[EXERCISE GOAL]
Skip the pictures, please, and write out exactly the lines from the opening of the data through the line containing "写真右手、1階にエントランス".

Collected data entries
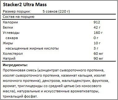 Ultra Mass не содержит составляющих, которых не должно быть в гейнере. В нем нет креатина, кофеина, гормонов и аспартама.
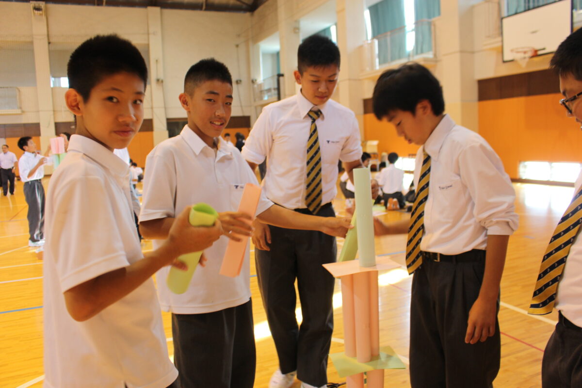 高いタワーやデザイン重視のタワーなど個性豊かなタワーが完成しました。3年生が作成した170cmのタワーが優勝で、2位は1年生のタワー!
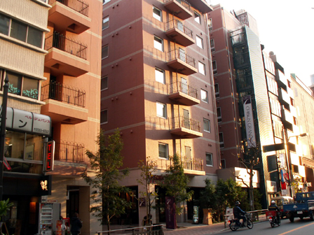 写真右手、1階にエントランスの庇が見えるのが「本館」で、8階建て。エントランスのすぐ上がスリット状になっており、正面から見た感じでは2つの建物に見える。
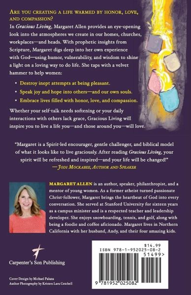 Are you creating a life warmed by honor, love, and compassion? Or are you caught up in a ¿do for all until you hit the wall¿ atmosphere? Maybe your life is chaos central¿or just the opposite¿strictly glued to the high-control side. Perhaps, disappointments are zapping your spirit. For most women, all those atmospheres swirl. Yet, we long for centered lives full of joy, purpose, and soul-calming peace. In Gracious Living, Margaret Allen provides an eye-opening look into the atmospheres we create in our homes, churches, workplaces¿and our own heads. With prophetic insights from Scripture, Margaret digs deep into her own experience with God, using humor, raw vulnerability, and wisdom to shine light on a loving way to do life. She uses a velvet hammer to help women: * Destroy inept attempts at being pleasant. * Get down to real-deal ways to speak joy and hope into others¿and our own souls. * Embrace lives filled with honor, love, and compassion.
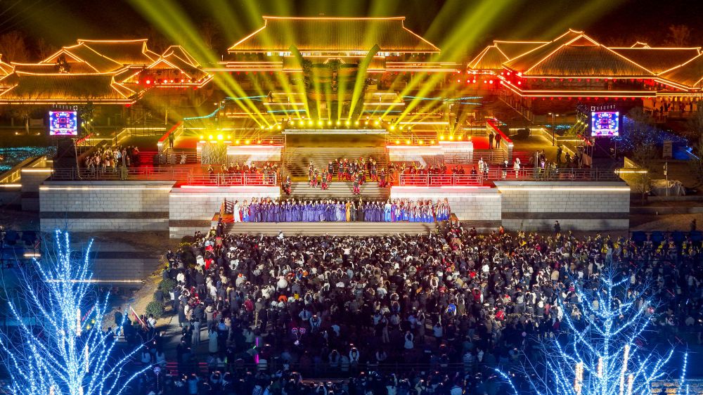 荆州纪南生态文化旅游区中,“荆州十二时辰·楚乐八百年”大型展演再现2000多年前楚国郢都“车毂击,民肩摩”的盛景,让楚文化不再只是典籍中的文字,而是可触可感的艺术呈现,给观众留下历久弥新的荆楚文化印记;
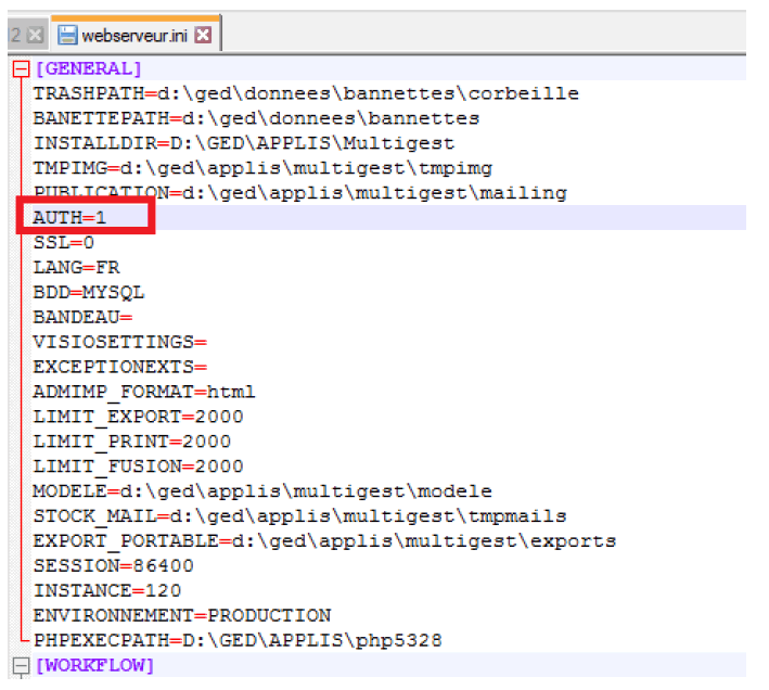 Pour activer la connexion automatique, il faut paramétrer le fichier webserveur.ini se trouvant sur le serveur de MultiGest dans le répertoire [INSTALL_MULTIGEST]/bin.
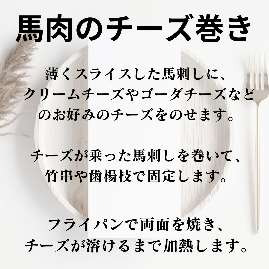 薄くスライスした馬刺しにクリームチーズやゴーダチーズなどのお好みのチーズを乗せます。
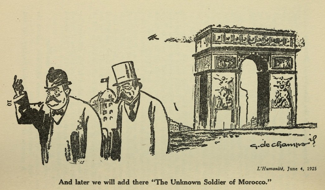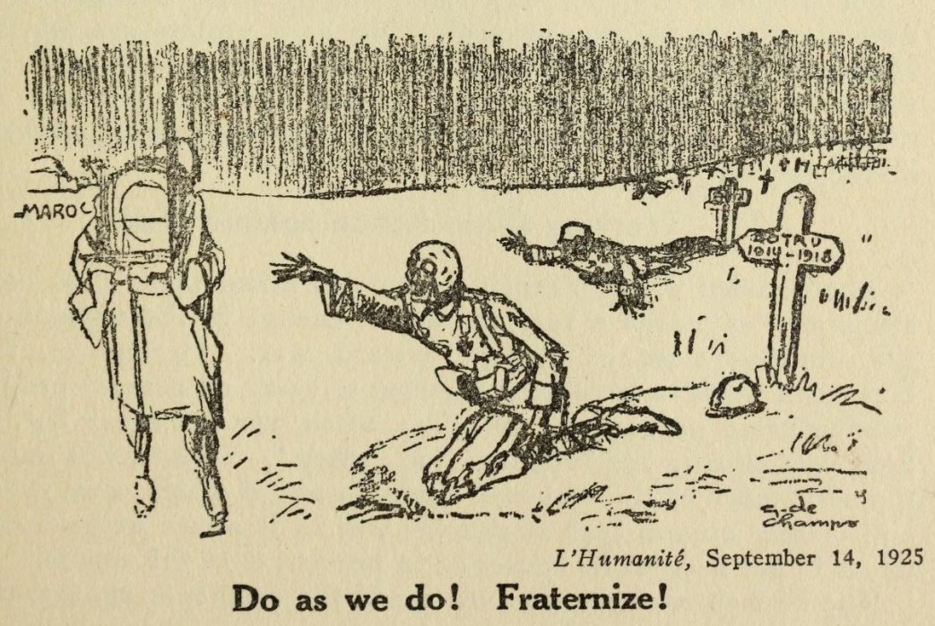 “Uphold the French workers. Sustain their Committee of Action against the Moroccan War. Join them in demanding peace with the Riff Republic and the evacuation of Morocco. Long live the liberation of oppressed peoples! Long live the brotherhood of races! Down with colonialism!”
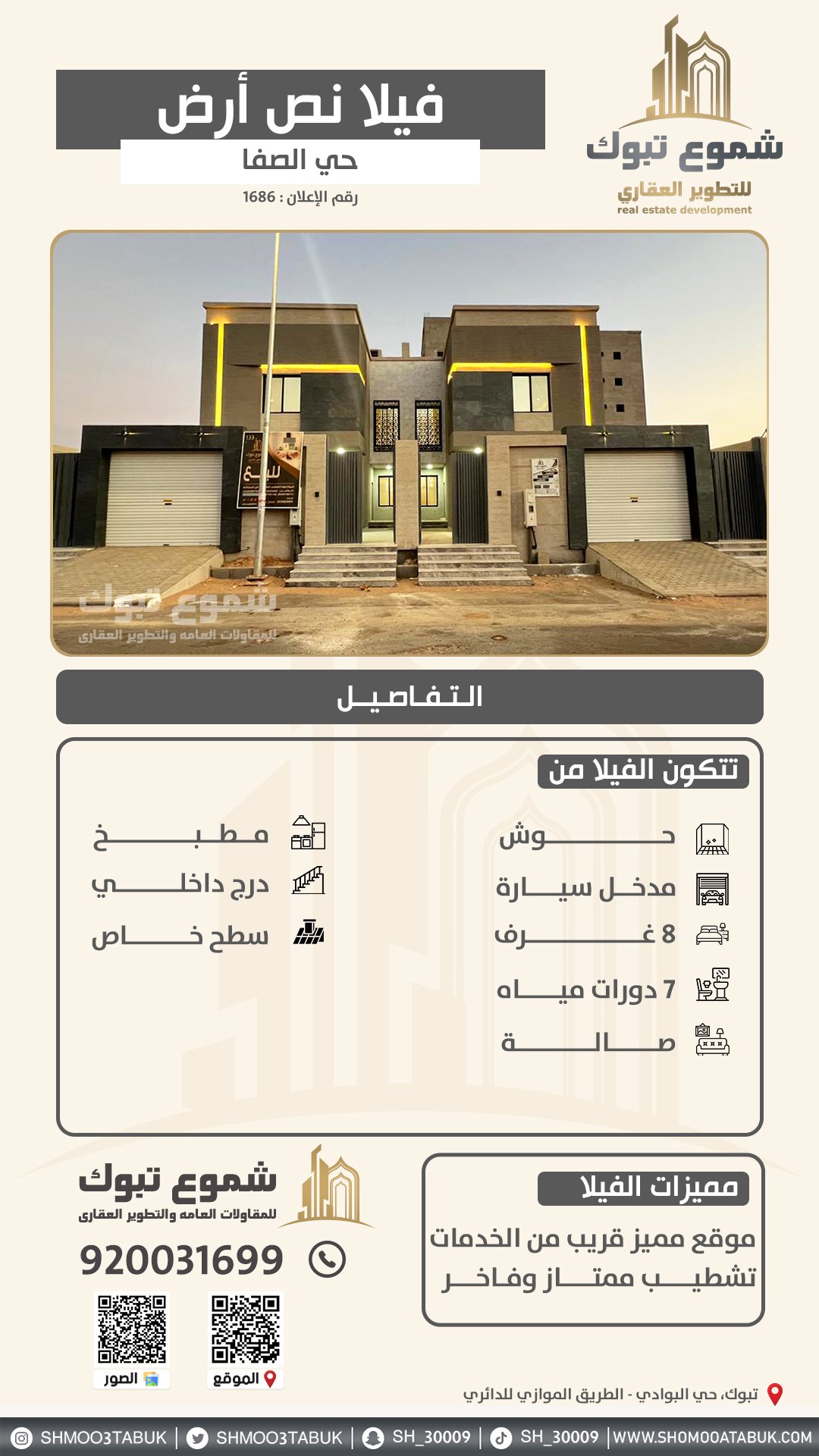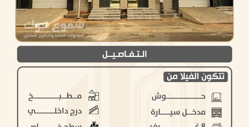 3 ادوار -حوش – مدخل سيارة – 2 مجلس -8 غرف – 7 دورات مياه – صالة – مطبخ – درج داخلي – سطح خاص – مصعد مؤسس
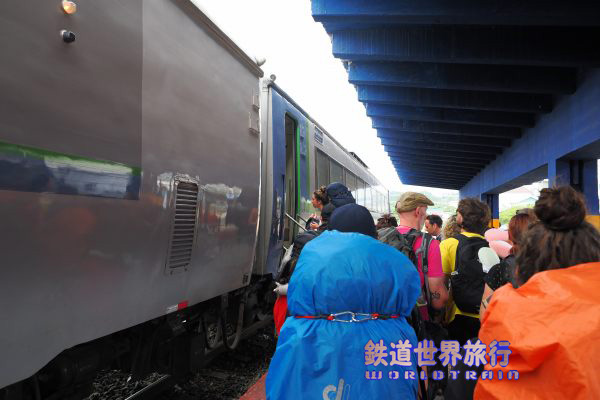 終着時は先頭車で前面展望、どちらが1番線か知らないがホームの南側の線に入り前方にはメキシコ製DMUが停まっていた。若干回復して定刻より13分遅れで到着。 |
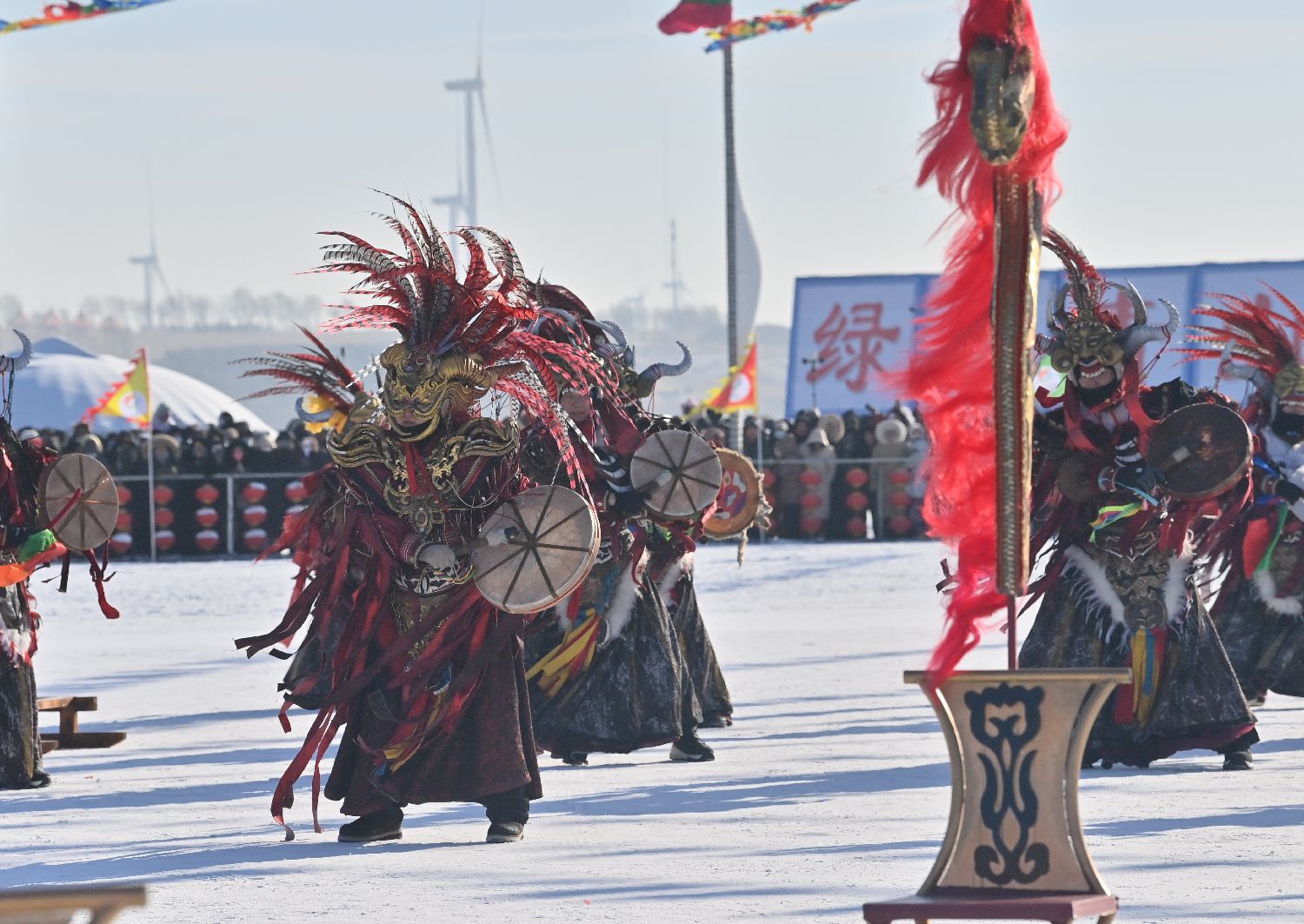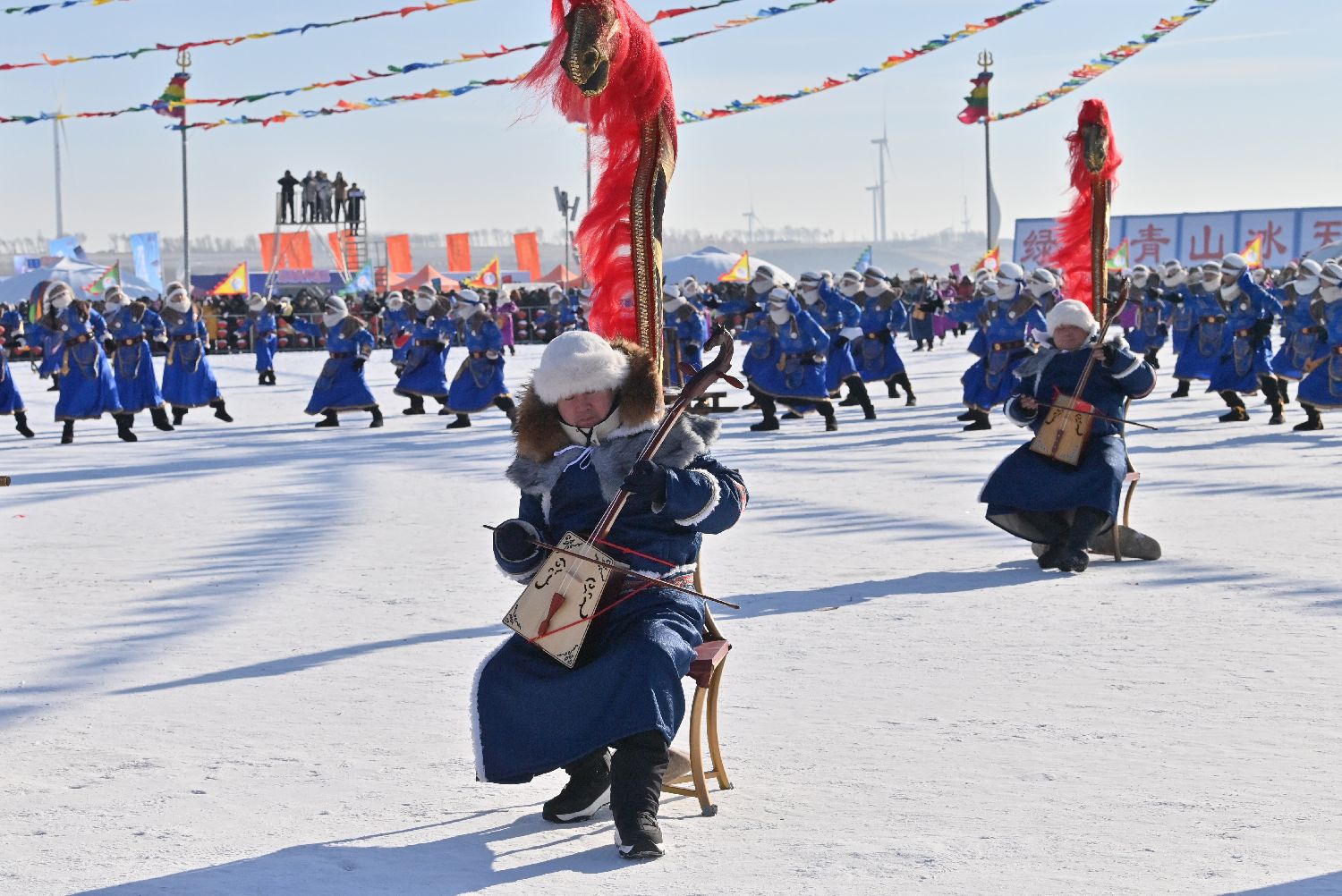 1月8日,吉林松原查干湖第24届冰雪渔猎文化旅游节开幕,数万名中外游客齐聚冰湖,见证冬捕奇观。图为开幕式上的马头琴表演。(图片来源:本文图片均来自中新社)

[ANSWER SECTION]
 Ultra Mass не содержит составляющих, которых не должно быть в гейнере. В нем нет креатина, кофеина, гормонов и аспартама.
 高いタワーやデザイン重視のタワーなど個性豊かなタワーが完成しました。3年生が作成した170cmのタワーが優勝で、2位は1年生のタワー!
 写真右手、1階にエントランスの庇が見えるのが「本館」で、8階建て。エントランスのすぐ上がスリット状になっており、正面から見た感じでは2つの建物に見える。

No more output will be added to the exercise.